Embedded Software: #ifndef #define my_way

So, I’m deep in embedded software, or as people in the know call it, firmware.  A lot of what I’m dealing with is rookie nonsense.  Now, I’m probably more of a journeyman coder at this point, but good high quality code doesn’t just spring from good intention and effort.  There are a great many rules and tricks of the trade that can only really be learned from someone else.  I, being self-taught, have learned much of what I now know by blindly stumbling through the wilderness until through sheer effort, I find the way out of the woods of impenetrable error messages.  I’m going to be sharing over the course of many posts, some of the rules and best practices that I discover along my journey. Hopefully, they’ll shorten the duration of your meanderings.  Follow the jump for a discussion of the use of the preprocessor directive, #ifndef.

One recent frustration has been the use of #ifndef when trying to do the right thing and compartmentalize my code.  By compartmentalize, we mean to put functionally distinct pieces of code into different files, a .c file, containing functions, and a .h file, containing declarations and function prototypes.  The tricky part to me came when trying to tie it all together.  You have the .c file and you’ve written your whiz-bang function and you have the .h file which very neatly and ever so wonderfully comments all of it, but what’s the best way to bring them together.  Let’s say you have a .c file called cleverly enough file.c and a header file called file.h.  The natural thing to do is to put a preprocessor directive (a message for the compiler) saying at the top of file.c saying simply enough:

#include file.h

Now, this would be enough to bind the two files together, if it weren’t for some sticky wickets.   The stickiest of wickets comes when you need to use the functions contained in file.h in multiple places.  In my program, I have a file called spi.c and another called spi.h.  These files contain functions and declarations needed to be able to use, oddly enough, the spi peripheral on the avr microcontroller.  Naturally, spi.c contains a declaration:

#include spi.h

There are multiple functional areas of code which need to use the spi peripheral and therefore the spi functions.  For instance, the filter module control the filter by sending spi messages.  I have a module name filter.c and since it needs to use spi function, it too contains a declaration:

#include spi.h

Herein lies the problem.  Both spi.c and filter.c are source files for my project.  If all I have are these two declarations in two source files without some special magic, I can get some goofy confounding error messages telling you things like “such and such variable has multiple definitions.”  What’s the remedy?  A little bit of #ifndef.  Where do you use it?  In your header file.

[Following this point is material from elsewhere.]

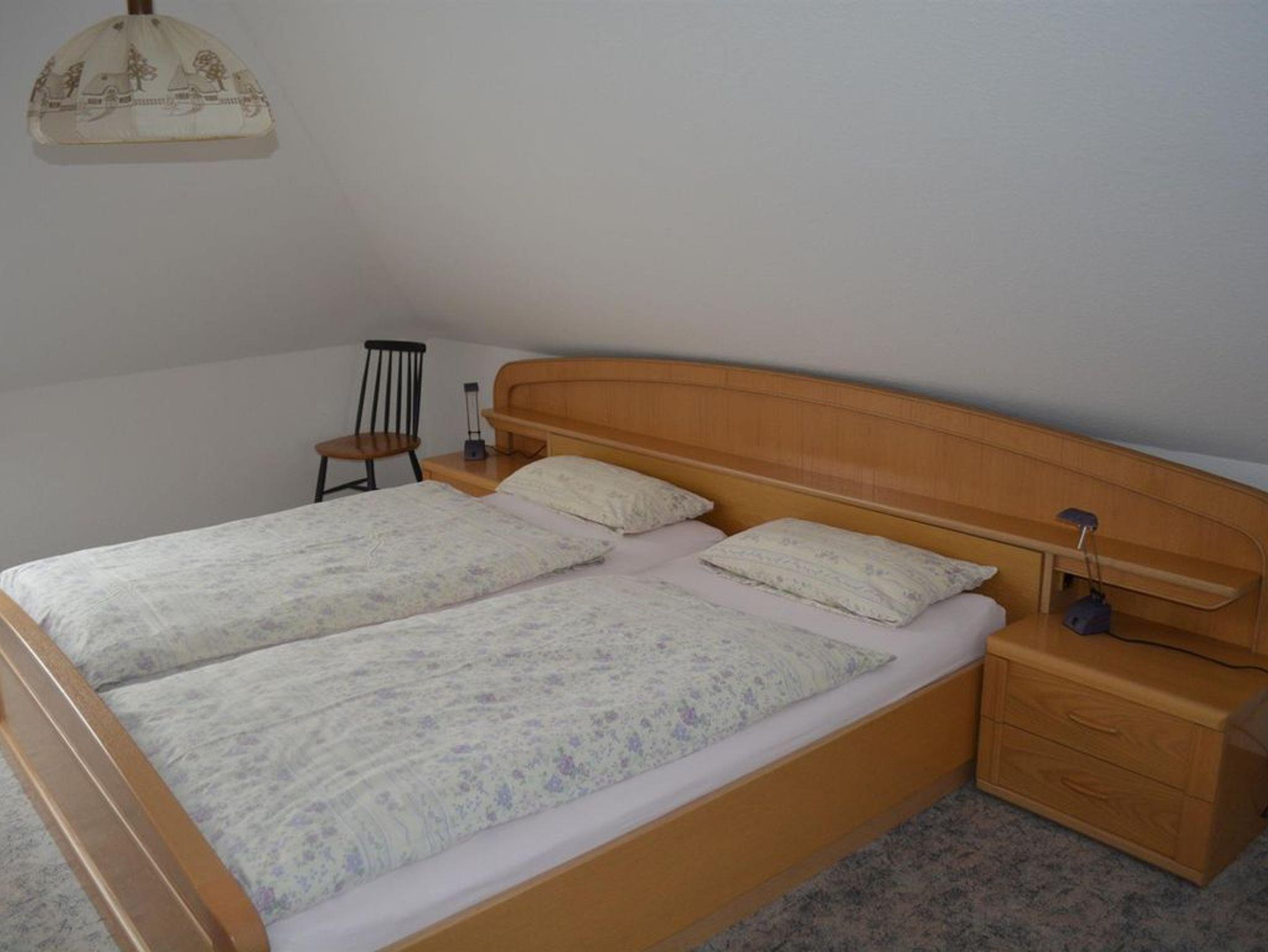 Die liebevoll eingerichtete Ferienwohnung (ca. 85 qm) befindet sich im Obergeschoss des Wohnhauses und bietet Platz für bis zu 4 Personen. Sie verfügt über zwei separate Schlafzimmer (ein Schlafzimmer mit Doppelbett 2,00 m x 2,00 m und ein Schlafzimmer mit einem französischem Bett 1,40 m x 2,00 m), einer Küche mit Cerankochfeld und Backofen, Kühlschrank mit Gefrierfach, Toaster, Wasserkocher und Kaffeemaschine. Alle Zimmer verfügen über Tageslicht und sind mit elektrischen Außenjalousien ausgestattet. Kinderreisebett sowie ein Hochstuhl werden bei Bedarf kostenlos zur Verfügung gestellt. Zur Ferienwohnung gehört auch eine eigene Terrasse welche mit Gartenmöbeln, Sonnenschirm und einem Grill ausgestattet ist. Eine Wachmaschine befindet sich ebenfalls in der Wohnung und kann gegen Gebühr genutzt werden. Handtücher und Bettwäsche werden einmalig gestellt (weitere Wechsel sind selbstverständlich gegen Gebühr möglich). Wir bitten im Interesse unserer allergischen Gäste um Verständnis, dass das Mitbringen von Haustieren nicht gestattet ist. Das Rauchen ist im Außenbereich möglich. Vermietung ausschließlich an Feriengäste, nicht an Firmen.

After comments at the top of the file describing its contents, you should have what is called a multiple inclusion guard using #ifndef.  Back to file.h, all the definitions, function prototypes, and potentially global variable declarations, need to be in between some #ifndef and #endif.  What it look like?

#ifndef _FILE_H_

#define _FILE_H_

(All your stuff)

#endif /*_FILE_H_*/

It doesn’t matter particularly what follow the #ifndef for the file, but the #ifndef and the #define must match.  Having this “if not defined” statement protects you from dreadful multiple inclusion, where multiple files include your header file and cause all sorts of grief and truly strange error messages.  You should always use this structure.  Do it.